Shinji Saito, Akira Ainai, Tadaki Suzuki, Norihiro Harada, Yasushi Ami, Yoshikazu Yuki, Haruko Takeyama, Hiroshi Kiyono, Hideo Tsukada, Hideki Hasegawa

    Research output: Contribution to journalArticle

    6 Citations (Scopus)

    Abstract

    Introduction: Recently, we reported that intranasal vaccination of humans with whole inactivated influenza vaccine in the absence of mucosal adjuvant induced neutralizing antibody responses in the serum and nasal mucus. The mucoadhesive excipient carboxy-vinyl polymer (CVP) increases the viscosity and therefore mucoadhesiveness of intranasal medicaments and is an authorized excipient in Japan. In the present study, we analyzed the effect of adding CVP on intranasal whole inactivated influenza vaccine antigen dynamics and antibody responses. Methods: Mice and nonhuman primates (NHPs) were intranasally administered the [18F]-radiolabeled vaccine and subjected to positron emission tomography analysis for 6 h. Dendritic cells were stimulated in vitro with the vaccine mixed with or without a mucosal adjuvant (Ampligen) and/or CVP, after which the tumor necrosis factor (TNF)-α and interferon (IFN)-β levels in the supernatants were measured. Cynomolgus monkeys were immunized intranasally with the vaccine mixed with Ampligen and/or CVP and their vaccine-specific serum IgG and IgA titers were measured on days 0 and 33. Results: The vaccine was retained significantly longer in the nasal cavity of both mice and NHPs when it was delivered with CVP rather than PBS. Accumulation of the radiolabeled vaccine in the central nervous system was not detected in either model regardless of whether CVP was used. CVP only very weakly increased the TNF-α production of vaccine-stimulated dendritic cells. IFN-β production was not observed regardless of the presence or absence of CVP. CVP increased the vaccine-specific IgA antibody responses of the intranasally vaccinated cynomolgus macaques. Conclusion: CVP increased intranasal retention of whole inactivated influenza vaccine, did not promote antigen redirection to the central nervous system, and improved mucosal antibody responses. The mechanism probably relates to its mucoadhesive properties rather than its ability to directly stimulate the immune system. Intranasal vaccines with CVP may be a promising candidate vaccine formulation for humans.

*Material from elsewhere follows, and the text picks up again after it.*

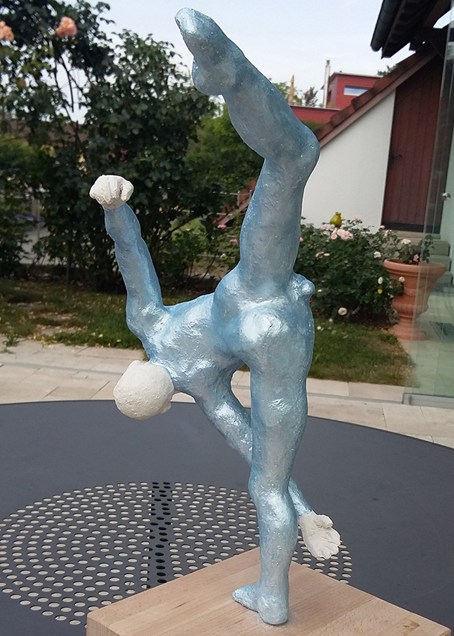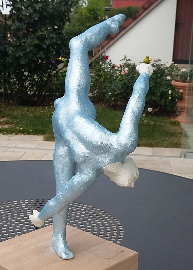 Die Keramikfigur «Tänzer» gleicht einem Bogen aus dieser Sicht. die Figur steht stabil auf einem Bein dynamisch und gespannt zugleich, auch gleicht die Keramikfigur einem Vogel. Sie ist blaubamalt mit einem Ballett Suit.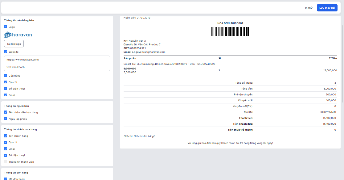 - Nhà bán chọn các thông tin muốn hiển thị trên hóa đơn trong danh sách Haravan cung cấp. Bấm Lưu thay đổi để lưu cập nhật.

    Original languageEnglish
    Pages (from-to)1201-1207
    Number of pages7
    JournalVaccine
    Volume34
    Issue number9
    DOIs
    Publication statusPublished - 2016 Feb 24

    Fingerprint

    Influenza Vaccines
    Excipients
    Nose
    influenza
    Antibody Formation
    Polymers
    Vaccines
    polymers
    vaccines
    antibodies
    Inactivated Vaccines
    tumor necrosis factors
    Macaca fascicularis
    Dendritic Cells
    Immunoglobulin A
    Interferons
    Primates
    interferons
    dendritic cells
    Central Nervous System

    Keywords

    • Influenza virus
    • Intranasal vaccine
    • Mucoadhesive excipient
    • Nonhuman primate
    • Real-time imaging
    • Vaccine dynamics

    ASJC Scopus subject areas

    • Immunology and Microbiology(all)
    • Infectious Diseases
    • Public Health, Environmental and Occupational Health
    • veterinary(all)
    • Molecular Medicine

    Cite this

    The effect of mucoadhesive excipient on the nasal retention time of and the antibody responses induced by an intranasal influenza vaccine. / Saito, Shinji; Ainai, Akira; Suzuki, Tadaki; Harada, Norihiro; Ami, Yasushi; Yuki, Yoshikazu; Takeyama, Haruko; Kiyono, Hiroshi; Tsukada, Hideo; Hasegawa, Hideki.

    In: Vaccine, Vol. 34, No. 9, 24.02.2016, p. 1201-1207.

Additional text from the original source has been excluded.